WHAT YOU SHOULD DO → Your transcription must include every record word for word and no pictures.
Segment Start: PROVIDED MATERIAL
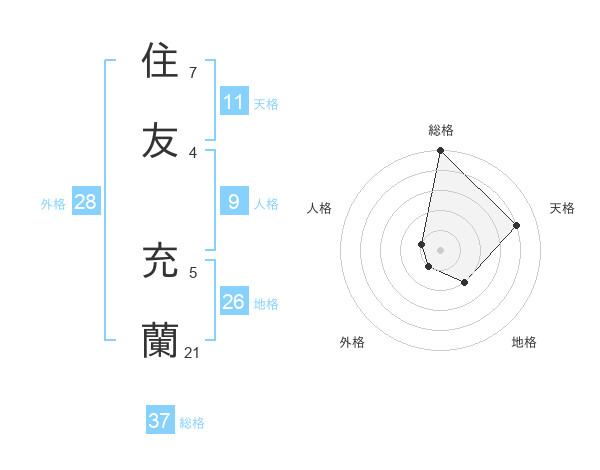住友 充蘭さんを姓名の画数から五運を鑑定
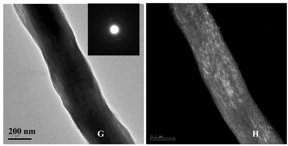 Figures 6(C–F) show SEM images of the inner-sections of PILP-mineralized collagen samples using combinations of poly-L-aspartic and poly-L-glutamic acid as the process-directing agents. The images are all taken from the inside of the samples to demonstrate that the mineralization was not only near the surface of the scaffold, but penetrated the entire thickness of the sample. The mineralized collagen sponges treated with PGLU-PASP presented a morphology similar to the samples treated with the high molecular weight PASP, where a fibrillar structure was observed with no difference between the inside and outside (not shown) of the sample. In addition, several of the samples appeared to have a rough surface indicating that mineralization might be occurring on the outside of the fibrils as well. The EDS spectrums for PGLU-PASP treated samples showed strong calcium and phosphorous peaks, which are consistent with the high degree of mineralization (data not shown). Figures 6(G) and 6(H) show TEM bright- and dark-field images of a mineralized collagen fibril treated with the PGLU-PASP combination. As in the case of fibrils mineralized with PASP alone, the high z-contrast observed in the TEM image could be attributed to the presence of hydroxyapatite crystals embedded within the collagen fibril. Also, the SAED pattern of the mineralized fibril (Figure 6(G), inset) shows an orientation of the HA crystals very similar to bone′s, which are illuminated in the dark-field image.
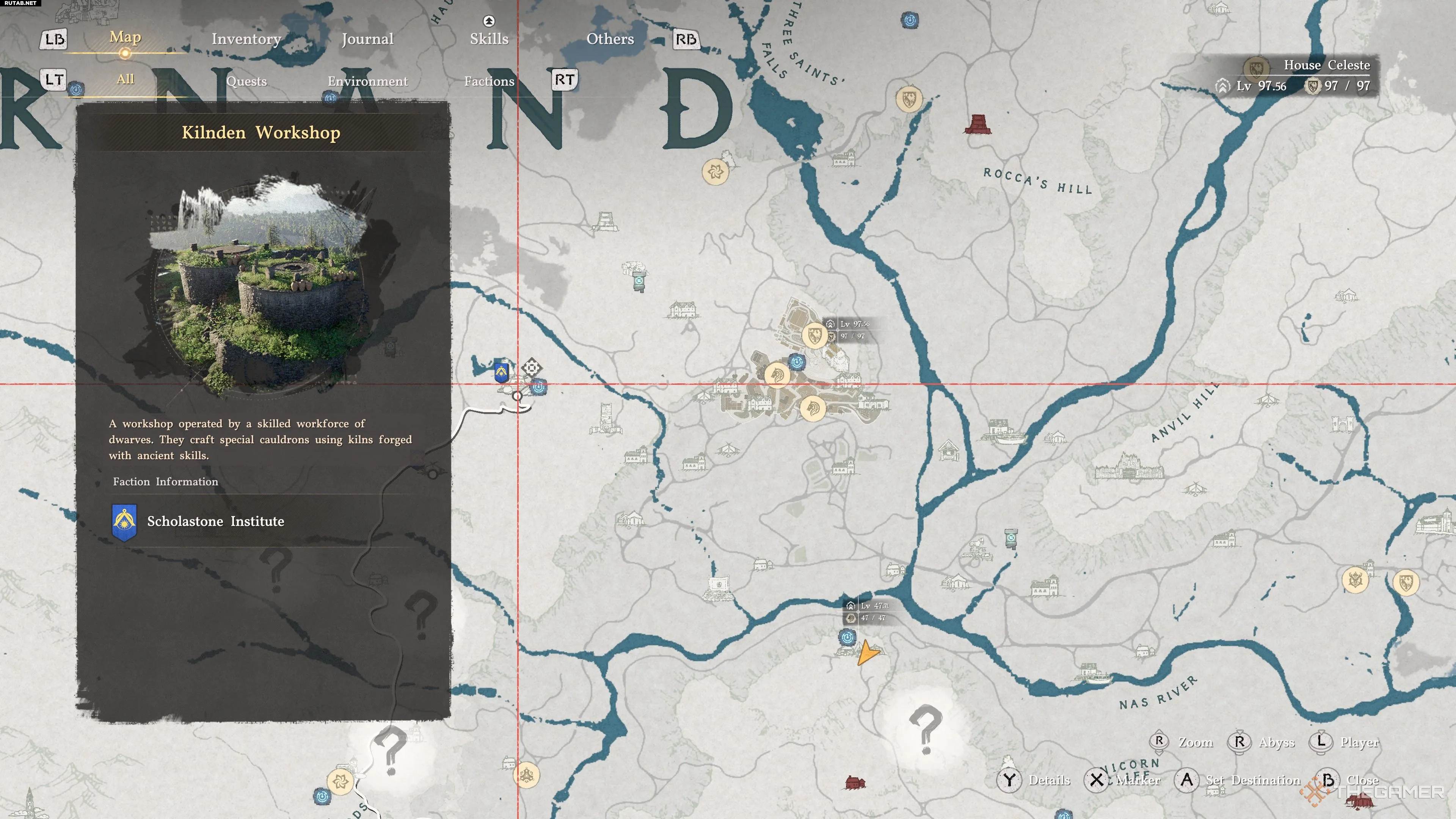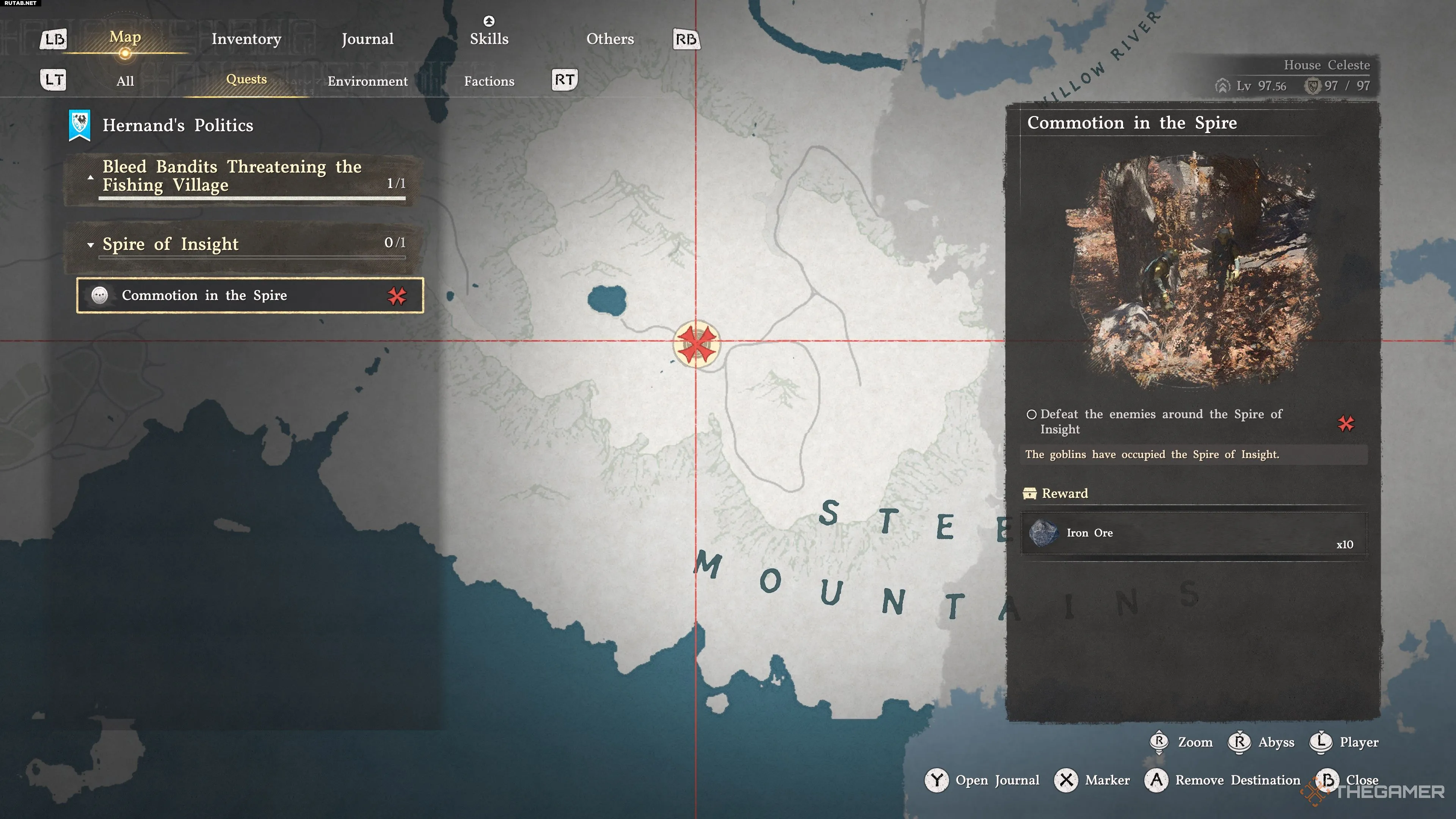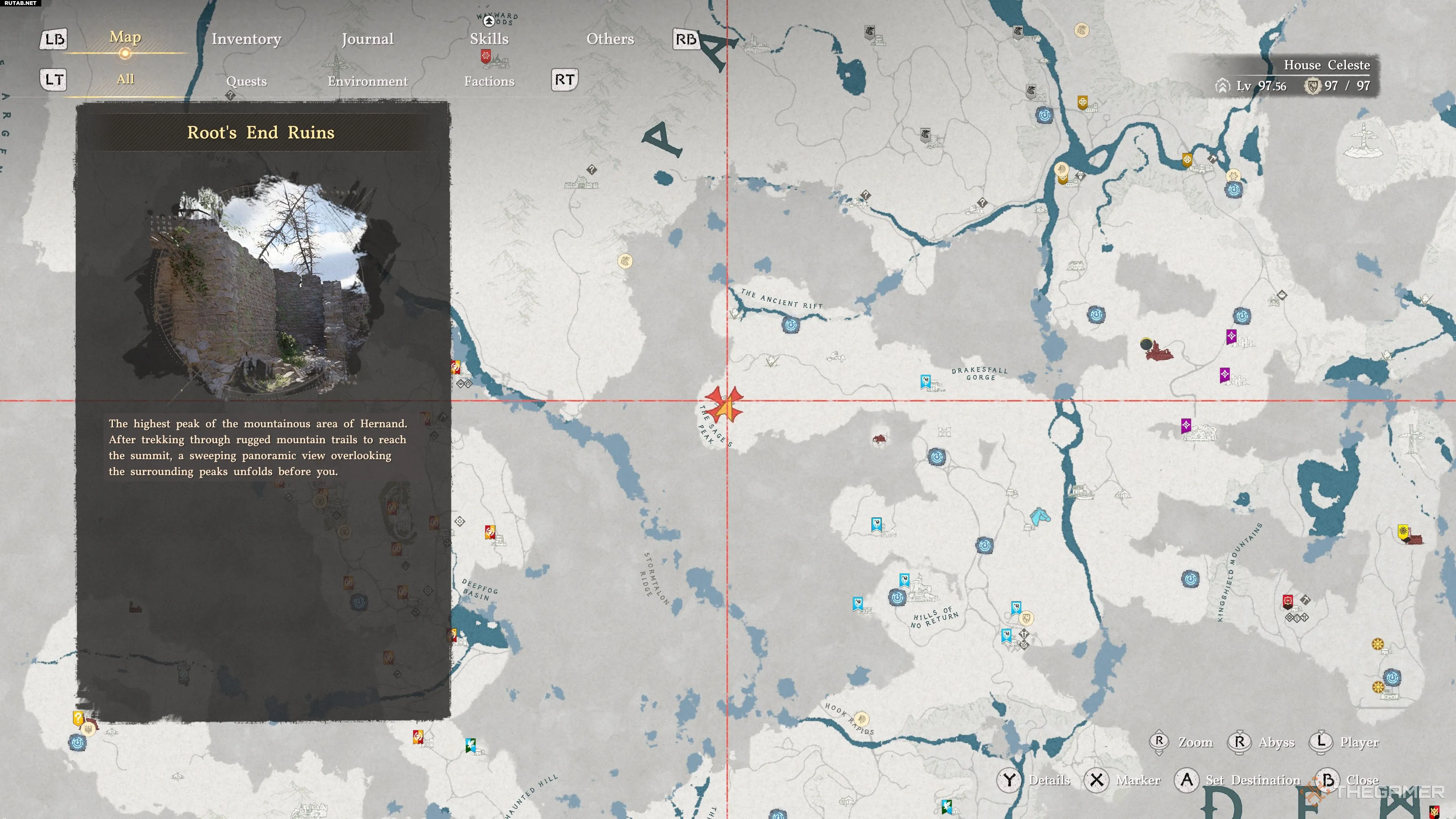 Чтобы начать эту цепочку, отправляйтесь на дальний северо-запад карты, в Бездну, затем идите к югу от буквы «А» в названии «Ташкалп» к переправе.
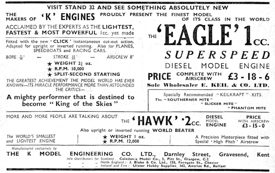 For all the relatively small scale of its operations, the company was quite active in promoting its products, continuing to advertise in the British modelling media throughout this period. The “K” engines also received favorable coverage in widely-read books such as the second edition of Col. Bowden's "
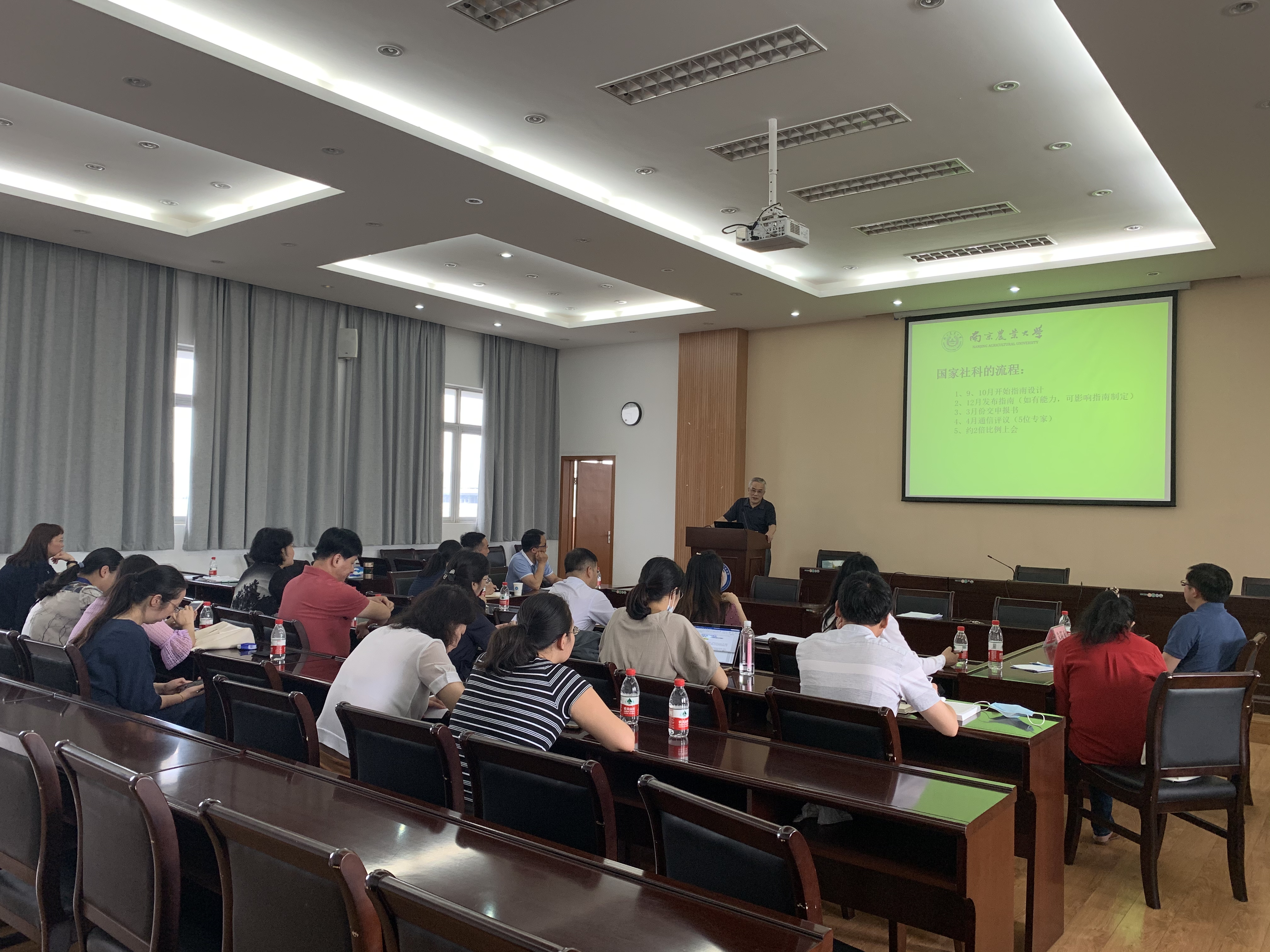 教师做科研项目申报辅导讲座表示热烈的欢迎和衷心的感谢,并介绍了他在自己学科领域取得的丰硕学术成就。
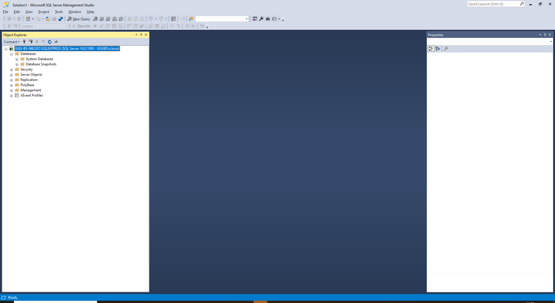 In Programm “Microsoft SQL Server Management Studio” mit der Datenbank verbinden (<Rechnername>\SQLEXPRESS)
Segment End: PROVIDED MATERIAL
WRITTEN RESPONSE →
住友 充蘭さんを姓名の画数から五運を鑑定
 Figures 6(C–F) show SEM images of the inner-sections of PILP-mineralized collagen samples using combinations of poly-L-aspartic and poly-L-glutamic acid as the process-directing agents. The images are all taken from the inside of the samples to demonstrate that the mineralization was not only near the surface of the scaffold, but penetrated the entire thickness of the sample. The mineralized collagen sponges treated with PGLU-PASP presented a morphology similar to the samples treated with the high molecular weight PASP, where a fibrillar structure was observed with no difference between the inside and outside (not shown) of the sample. In addition, several of the samples appeared to have a rough surface indicating that mineralization might be occurring on the outside of the fibrils as well. The EDS spectrums for PGLU-PASP treated samples showed strong calcium and phosphorous peaks, which are consistent with the high degree of mineralization (data not shown). Figures 6(G) and 6(H) show TEM bright- and dark-field images of a mineralized collagen fibril treated with the PGLU-PASP combination. As in the case of fibrils mineralized with PASP alone, the high z-contrast observed in the TEM image could be attributed to the presence of hydroxyapatite crystals embedded within the collagen fibril. Also, the SAED pattern of the mineralized fibril (Figure 6(G), inset) shows an orientation of the HA crystals very similar to bone′s, which are illuminated in the dark-field image.
 Чтобы начать эту цепочку, отправляйтесь на дальний северо-запад карты, в Бездну, затем идите к югу от буквы «А» в названии «Ташкалп» к переправе.
 For all the relatively small scale of its operations, the company was quite active in promoting its products, continuing to advertise in the British modelling media throughout this period. The “K” engines also received favorable coverage in widely-read books such as the second edition of Col. Bowden's "
 教师做科研项目申报辅导讲座表示热烈的欢迎和衷心的感谢,并介绍了他在自己学科领域取得的丰硕学术成就。
 In Programm “Microsoft SQL Server Management Studio” mit der Datenbank verbinden (<Rechnername>\SQLEXPRESS)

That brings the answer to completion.